Well, the nature of just what is and isn't my "authentic self" has changed a lot over the years. In the past I thought it was immutable; now I know it isn't... and I also know it isn't what other people say it is, but what I say it is that is most important to my existence.
I realized that how I felt about myself was paramount to maintaining a healthy mind so as not to fall into an extremely unhealthy pit or rut of despair. My 'authentic self' certainly isn't a woman, I know that now. Far too much evidence - despite the shape of the body - that this is the case. Shape means nothing. What feels right and what is my natural inclinations that cause me relax when they are expressed is everything. As a "woman" I had knots in my shoulders from how nerve wracking and grating that existence was. As a man, I feel an absence of discomfort and anxiety. This isn't a conscious choice, just a bodily fact. And I'll go with that over anything anyone else says about what I "am".
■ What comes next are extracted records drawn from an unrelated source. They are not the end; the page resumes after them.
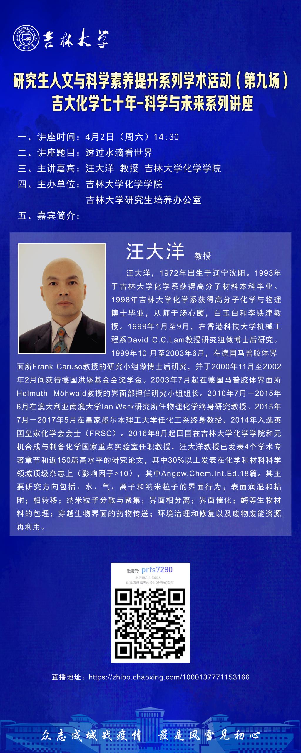 吉大化学70年院庆系列活动——科学与未来系列讲座:透过水滴看世界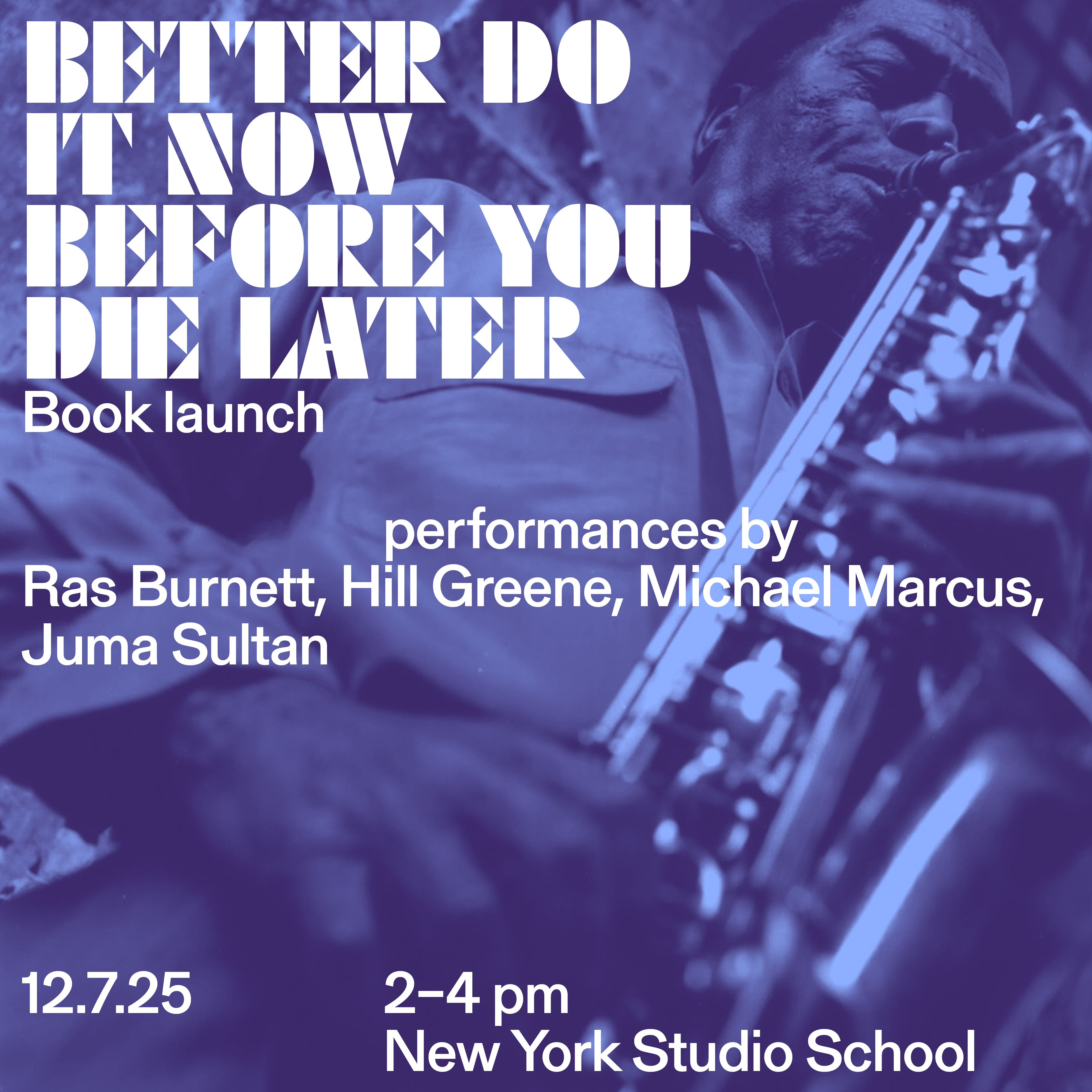 To celebrate the release of Better Do It Now Before You Die Later, the memoir of American saxophonist Sonny Simmons, Blank Forms brings together four essential players of the New York free jazz scene: Ras Burnett, Hill Greene, Michael Marcus, and Juma Sultan. As multi-instrumentalists, composers, educators, and community organizers, all four of these musicians have worked to ensure the continued vitality of this city’s avant-garde jazz practices and institutions. Their careers span Harlem lounges and downtown lofts, as well as countless Black musical traditions, from reggae to Christian spirituals to orchestral arrangements to harp blues. Whether they have shared stages, recording studios, or simply friends and influences with Simmons, each member of this quartet is tightly interwoven with the musical community Simmons commemorates in Better Do It Now Before You Die Later.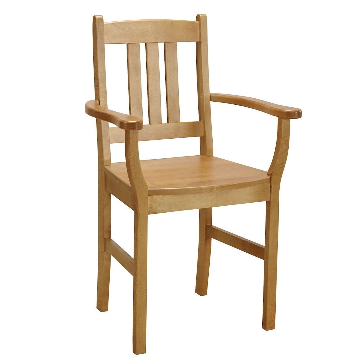 Tukeva, massiivikoivusta valmistettu Juhani seniorituoli. Tuoliin on helppo asettua istumaan leveämpien käsinojien ja sopivan istumakorkeuden ansioista. Toimitetaan käsinojat irrallaan pahvilaatikkoon pakattuna.

So what does the dysphoria feel like...? It was kind of like... sharing a cell with someone I didn't get along with at first. You go through the motions of initial dislike, then deep hatred, then finally you try your best to simply ignore the person and live your life, but ofc they can never go away. They will always be there to stare at you in the mirror, remind you when you see a body like your own on TV, and they'll be there whenever anyone reminds you how wonderful you should be feeling about your birth gender because they assume you like it and identify with it. The very best you can do is turn away and try not to look at them. I remember my days as a teenager abjectly reviling myself. I would sit up asking why the hell I had to be born this way because I knew it was preventing me from having a normal life, from enjoying and experiencing many of the things others can enjoy without effort. So it feels like hate, it feels like suppression, it feels like being denied a proper life, and it feels like bitterness because of it. Ultimately it all cumulatively builds up to the usual things like anxiety, social anxiety, depression, despair. It's a complicated set of interlocking emotions not easily put into words, but it absolutely feels like a chain hooked into your back keeping you from moving forward, in most directions... or perhaps like being outside in the cold looking in at other people enjoying things you never can and never will.
I felt at some points like perhaps I was defying my reality, but then I learned that reality is as much in the mind as outside of it. Especially when it comes to happiness. What I do to my body is nobody else's business, nobody else has a stake in it, so what is there to lose?
But if you only feel mildly dysphoric about your gender, you'll be like some people I know who seem to fall more in the middle of the spectrum and are less tormented by not being one gender or the other. The absolutism of my early years was a big problem and now I know it was all for nothing, really... most of the time you're free to be whoever you want to be and as long as you don't put yourself in trouble's way, I doubt any "transgender police" are going to find you. At least not if society remains the way it is here. It would have to be some Nazi Germany-esque social cleansing scenario that would have me worrying; what people may say or think doesn't worry me, only what they may do. And most of the time they don't do much, or cannot do much to hurt you, even if they disapprove. Sticks and stones, right? I only care about the sticks and the stones, and keeping out of dangerous situations. Other than that, nobody bothers me about my trans status.
The idea of being a man never appealed to me especially. It still doesn't especially. It's already who I am inside, there's no allure, nothing surprising about it. I don't feel like a transitional person - I've always been that person, with a mis-formed body.